Would you transcribe the entries below, beginning at the line with "3、分类页包含精选、仙侠、传奇、挂机、卡牌、GM特权及真充卡等标签;" and ending after the line with "Élégante et résolument", exactly, with no picture and nothing more?
START SOURCE DATA
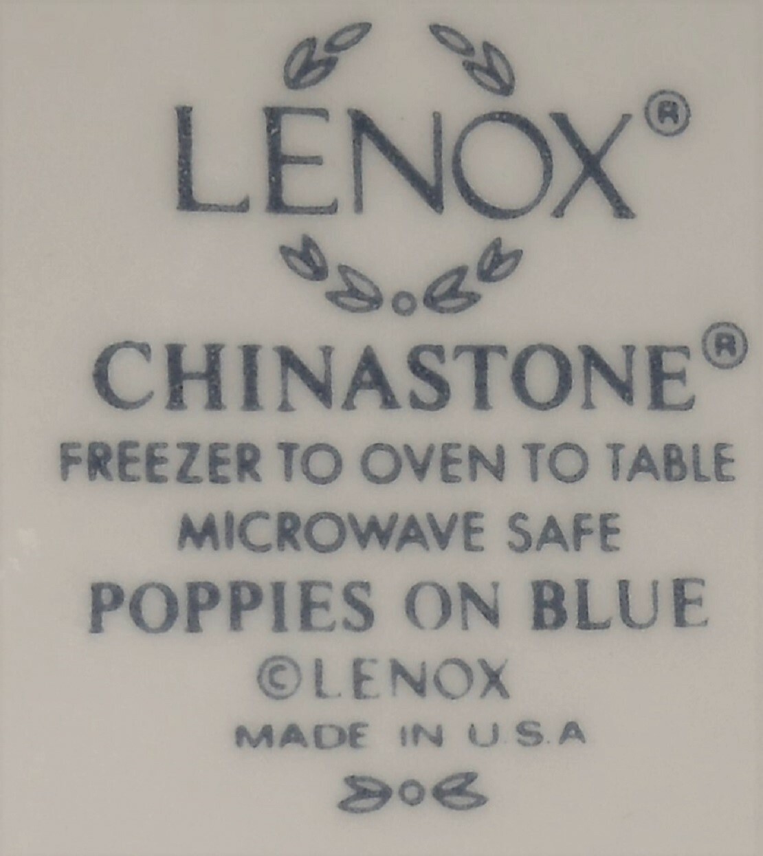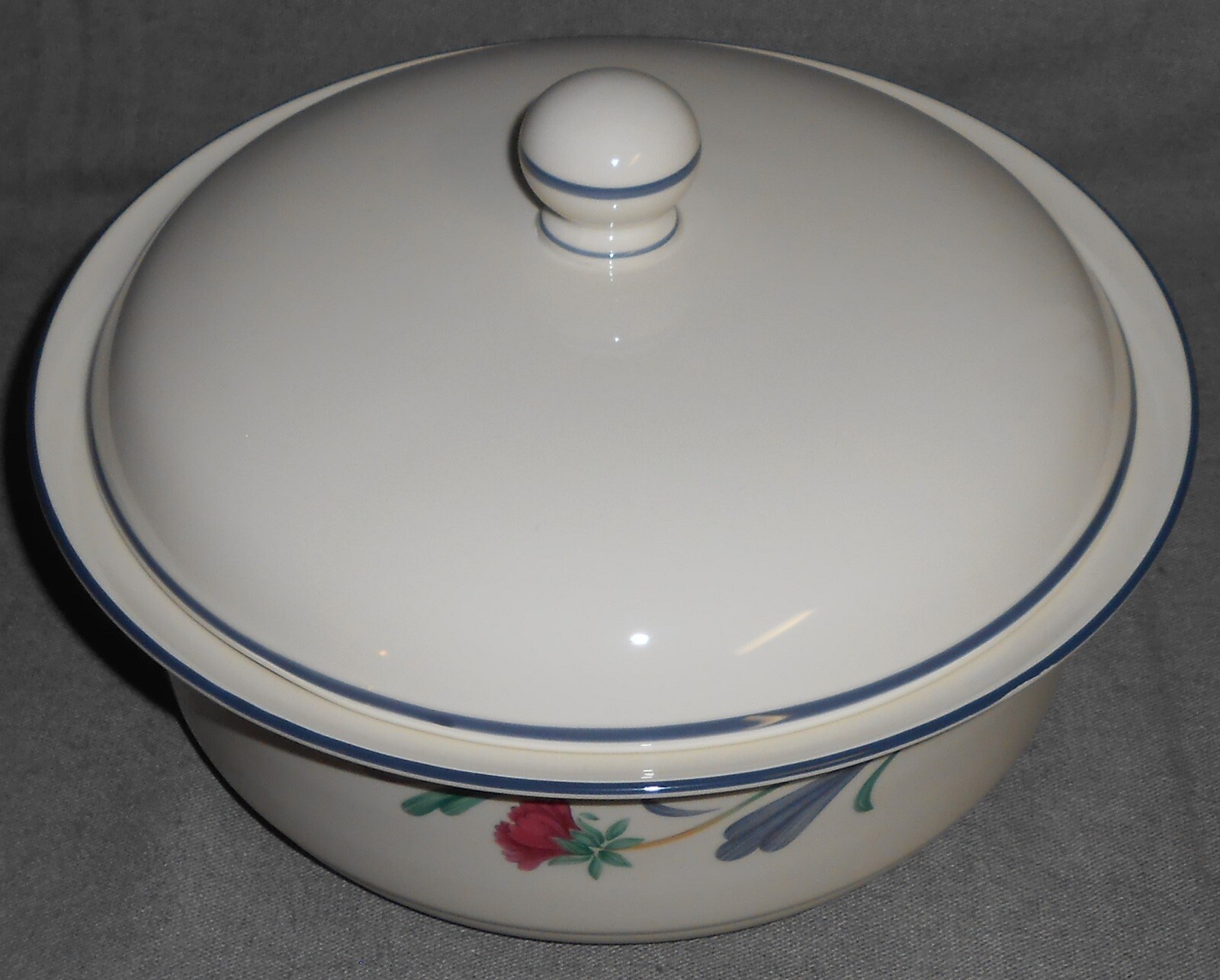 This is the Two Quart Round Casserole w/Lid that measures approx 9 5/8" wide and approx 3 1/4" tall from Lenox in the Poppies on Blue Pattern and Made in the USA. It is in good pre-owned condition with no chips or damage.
END SOURCE DATA
START SOURCE DATA
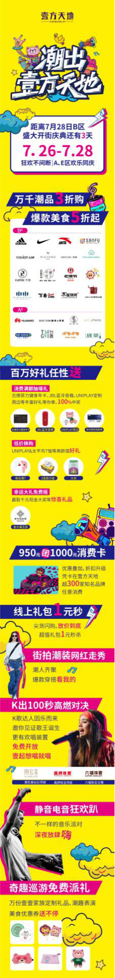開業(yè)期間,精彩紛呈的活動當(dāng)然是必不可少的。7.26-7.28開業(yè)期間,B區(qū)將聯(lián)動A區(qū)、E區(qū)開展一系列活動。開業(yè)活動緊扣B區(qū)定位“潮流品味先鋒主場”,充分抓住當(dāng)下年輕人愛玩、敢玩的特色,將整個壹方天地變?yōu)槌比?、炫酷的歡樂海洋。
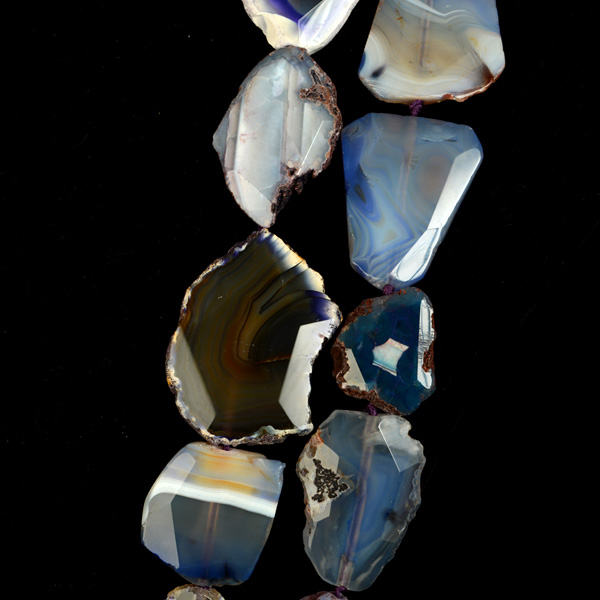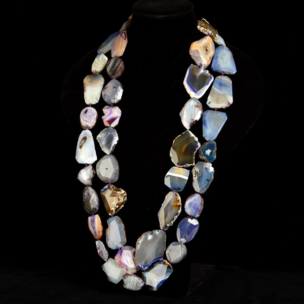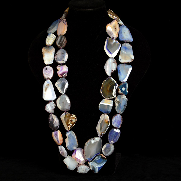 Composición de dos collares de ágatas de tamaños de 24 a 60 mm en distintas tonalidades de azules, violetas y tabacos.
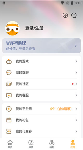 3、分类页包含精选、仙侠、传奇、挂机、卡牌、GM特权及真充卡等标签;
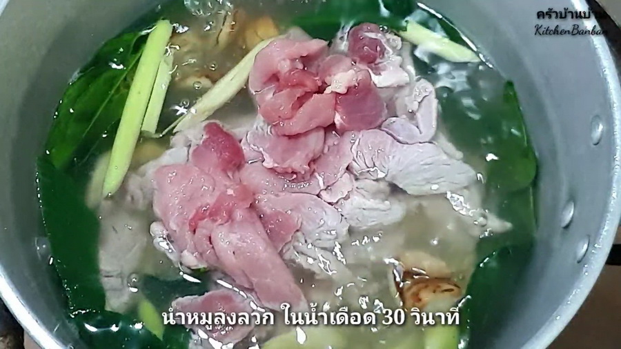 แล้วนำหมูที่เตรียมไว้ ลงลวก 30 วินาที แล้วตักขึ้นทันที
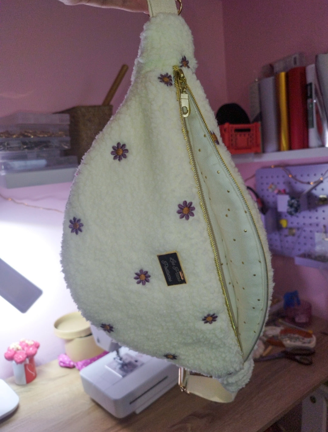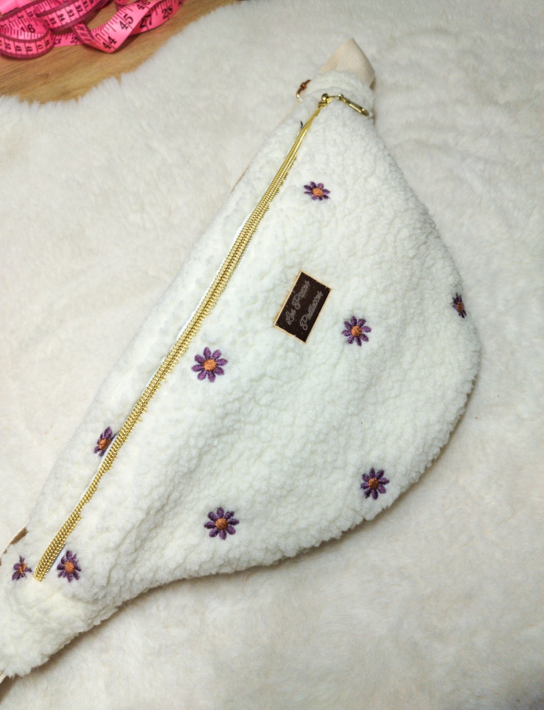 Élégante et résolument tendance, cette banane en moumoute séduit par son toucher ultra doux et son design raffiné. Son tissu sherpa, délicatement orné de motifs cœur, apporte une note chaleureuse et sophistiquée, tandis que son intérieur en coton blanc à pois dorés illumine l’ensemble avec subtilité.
END SOURCE DATA
■ **RESPONSE**:
 3、分类页包含精选、仙侠、传奇、挂机、卡牌、GM特权及真充卡等标签;
 แล้วนำหมูที่เตรียมไว้ ลงลวก 30 วินาที แล้วตักขึ้นทันที
 Élégante et résolument tendance, cette banane en moumoute séduit par son toucher ultra doux et son design raffiné. Son tissu sherpa, délicatement orné de motifs cœur, apporte une note chaleureuse et sophistiquée, tandis que son intérieur en coton blanc à pois dorés illumine l’ensemble avec subtilité.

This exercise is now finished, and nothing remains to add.